▼
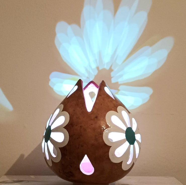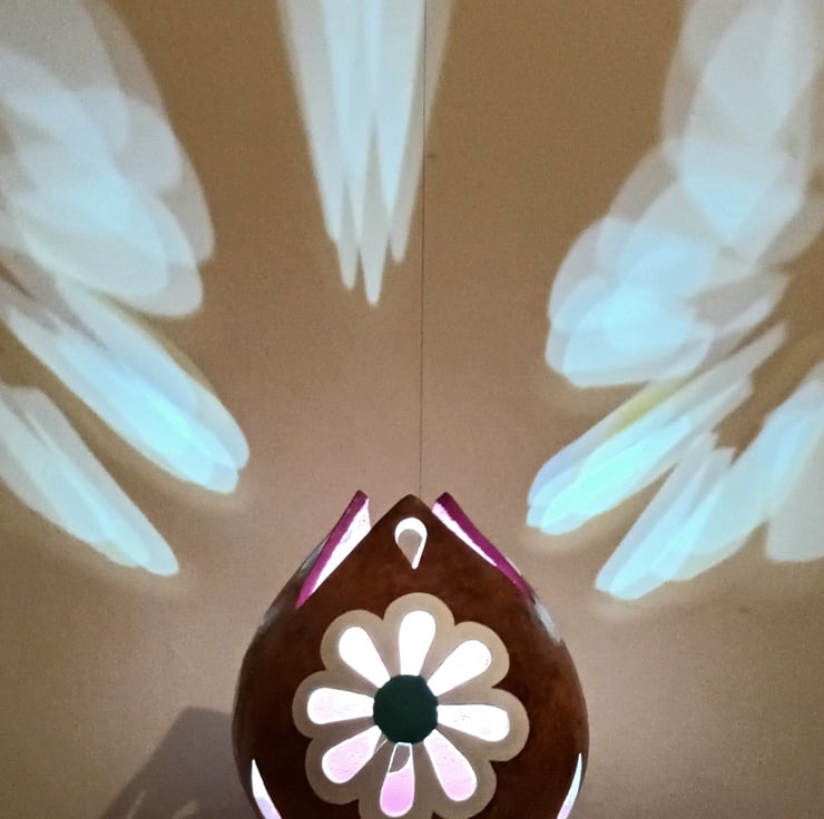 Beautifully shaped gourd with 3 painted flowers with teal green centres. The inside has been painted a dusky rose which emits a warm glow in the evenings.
▲
▼
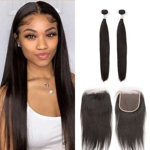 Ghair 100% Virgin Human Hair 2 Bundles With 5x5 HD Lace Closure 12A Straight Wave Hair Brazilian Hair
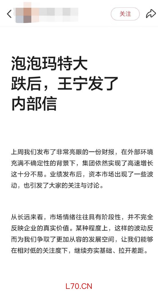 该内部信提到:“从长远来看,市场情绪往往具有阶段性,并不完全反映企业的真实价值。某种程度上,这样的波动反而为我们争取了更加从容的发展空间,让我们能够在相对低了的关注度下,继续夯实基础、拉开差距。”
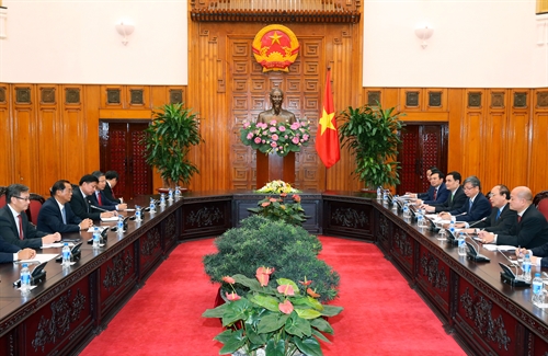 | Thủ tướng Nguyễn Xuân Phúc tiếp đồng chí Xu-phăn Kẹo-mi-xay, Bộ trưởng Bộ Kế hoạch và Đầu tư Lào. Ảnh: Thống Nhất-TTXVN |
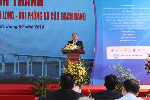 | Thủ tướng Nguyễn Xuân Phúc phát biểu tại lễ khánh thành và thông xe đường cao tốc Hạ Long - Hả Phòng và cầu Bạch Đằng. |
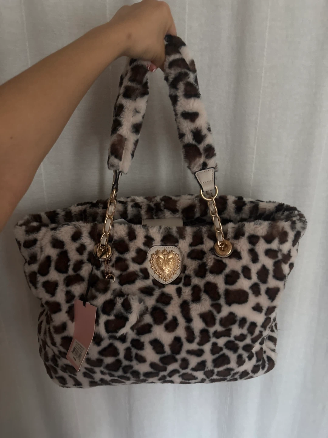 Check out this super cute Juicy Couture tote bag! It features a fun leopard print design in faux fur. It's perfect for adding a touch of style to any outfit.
▲
What is being asked: Keep to the stretch from the line containing "Thống Nhất-TTXVN |" through the line containing "Check out this", both ends included, and copy it exactly from the listing above, minus the pictures.

Written reply:
 | Thủ tướng Nguyễn Xuân Phúc tiếp đồng chí Xu-phăn Kẹo-mi-xay, Bộ trưởng Bộ Kế hoạch và Đầu tư Lào. Ảnh: Thống Nhất-TTXVN |
 | Thủ tướng Nguyễn Xuân Phúc phát biểu tại lễ khánh thành và thông xe đường cao tốc Hạ Long - Hả Phòng và cầu Bạch Đằng. |
 Check out this super cute Juicy Couture tote bag! It features a fun leopard print design in faux fur. It's perfect for adding a touch of style to any outfit.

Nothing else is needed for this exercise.